Your task is to print all of the data below exactly, with no pictures included.

───── INPUT DATA

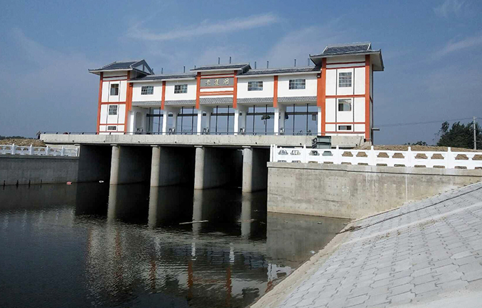 临泉县老集闸拆除重建工程闸室采用开敞式钢筋混凝土结构,共分5孔,单孔净宽4.5米;交通桥为公路Ⅱ级,桥面净宽9.0m。工程于2015年11月开工,2016年8月完工。下一步,该工程项目将组织申报有关文明工地和优质工程奖项。
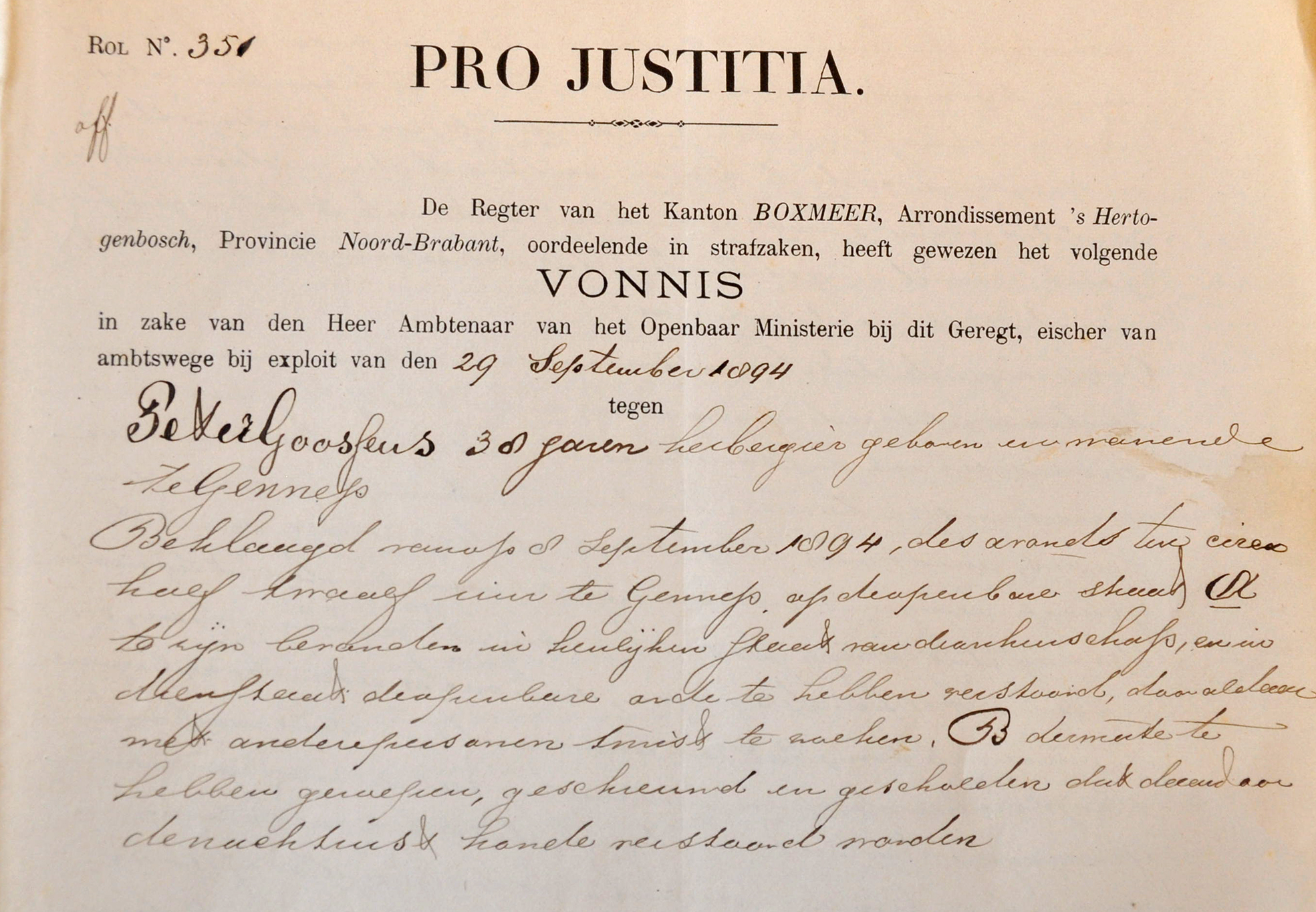 Werd de nachtrust van de brave Gennepse burgers, in de nacht van zaterdag 8 op zondag 9 september 1894, ernstig verstoord? Of was er hooguit wat rumoer geweest bij het uitgaan van de cafés? De kantonrechter van Boxmeer, mr A.J.F. Verheijen van Estvelt, had er op 12 oktober 1894 een zware dobber aan om dat vast te stellen. Hij had niet minder dan twintig getuigen opgeroepen in de hoop dat hun verklaringen hem zouden helpen bij het uitspreken van een verstandig vonnis.
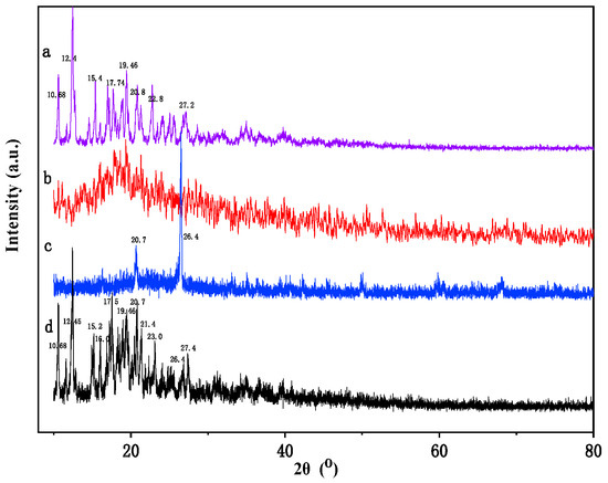 The XRD is presented in Figure 3. The β-CD monomer was crystalline, and its main diffraction peaks appeared at 10.68°, 12.4°, 15.4°, 17.74°, 19.46°, 20.8°, 22.8°, 27.2° (Figure 3a) [37,38]. In contrast, the XRD spectrum of β-CD polymer had undergone significant changes, with a decrease in diffraction intensity and a change in peak shape from a sharp peak to a diffuse peak, indicating that the crystal of β-CD was destroyed and transformed into semi-crystalline or amorphous after polymerization (Figure 3b) [39]. The main component of the original micro-ceramic ball was Al2O3, with its main diffraction peaks at 20.7° and 26.4° (Figure 3c) [40]. β-CD polymer loaded micro-ceramic balls exhibited significant diffraction peaks at 10.68°, 12.45°, 15.2°, 16.0°, 17.5°, 19.46°, 20.7°, 21.4°, 23.0°, 26.4°, and 27.4°, and with a peak envelope, indicating that the micro-ceramic balls adsorb the β-CD polymer (Figure 3d).

──────────

ANSWER TO THIS TASK:
 临泉县老集闸拆除重建工程闸室采用开敞式钢筋混凝土结构,共分5孔,单孔净宽4.5米;交通桥为公路Ⅱ级,桥面净宽9.0m。工程于2015年11月开工,2016年8月完工。下一步,该工程项目将组织申报有关文明工地和优质工程奖项。
 Werd de nachtrust van de brave Gennepse burgers, in de nacht van zaterdag 8 op zondag 9 september 1894, ernstig verstoord? Of was er hooguit wat rumoer geweest bij het uitgaan van de cafés? De kantonrechter van Boxmeer, mr A.J.F. Verheijen van Estvelt, had er op 12 oktober 1894 een zware dobber aan om dat vast te stellen. Hij had niet minder dan twintig getuigen opgeroepen in de hoop dat hun verklaringen hem zouden helpen bij het uitspreken van een verstandig vonnis.
 The XRD is presented in Figure 3. The β-CD monomer was crystalline, and its main diffraction peaks appeared at 10.68°, 12.4°, 15.4°, 17.74°, 19.46°, 20.8°, 22.8°, 27.2° (Figure 3a) [37,38]. In contrast, the XRD spectrum of β-CD polymer had undergone significant changes, with a decrease in diffraction intensity and a change in peak shape from a sharp peak to a diffuse peak, indicating that the crystal of β-CD was destroyed and transformed into semi-crystalline or amorphous after polymerization (Figure 3b) [39]. The main component of the original micro-ceramic ball was Al2O3, with its main diffraction peaks at 20.7° and 26.4° (Figure 3c) [40]. β-CD polymer loaded micro-ceramic balls exhibited significant diffraction peaks at 10.68°, 12.45°, 15.2°, 16.0°, 17.5°, 19.46°, 20.7°, 21.4°, 23.0°, 26.4°, and 27.4°, and with a peak envelope, indicating that the micro-ceramic balls adsorb the β-CD polymer (Figure 3d).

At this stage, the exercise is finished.